The Murgatroyd Ancestral Portrait Gallery
Ruddigore is Gilbert and Sullivan’s parody of Victorian melodrama, traditionally set in the Regency Period, decades before Gilbert and Sullivan’s time. Director Joe Andrews set the company’s cancelled 2020 and remounted 2022 productions of Ruddigore decades before our time, as a 1940s film from the golden age of cinema, with opening film credits and quotes from classic films of the period included in the dialogue.

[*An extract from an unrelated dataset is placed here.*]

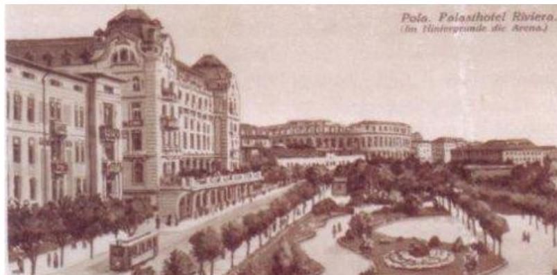
Slika 8. Hotel Rivijera u 19. st.

Danas je ovaj hotel kategoriziran samo jednom zvjezdicom i ima status svratišta. U njemu se nalazi 60 soba raspoređenih na pet katova. Trenutno ga vodi Arena Hospitality Group.

One of the features of this reimagined production of Ruddigore was that Sir Despard had given his ancestor’s portraits to a museum in an effort to be rid of their ghosts. Unfortunately, the scheme didn’t work as the museum sent him slides of the ancestor’s portraits and now the ghosts haunt him from the slide projector screen.
This concept required that all the ancestors have photos taken of their “portraits” which Sir Ruthven and Old Adam viewed from a slide projector onto a projector screen at the top of Act II.
The slides were also shown to the audience on the show drop during intermission. The slides included the ancestors’ names, birth and death dates.
Ancestor Portrait Photo Credit: Lee Stanford
“But what is a poor baronet to do, when a whole picture gallery of ancestors step down from their frames and threaten him with an excruciating death if he hesitate to commit his daily crime?”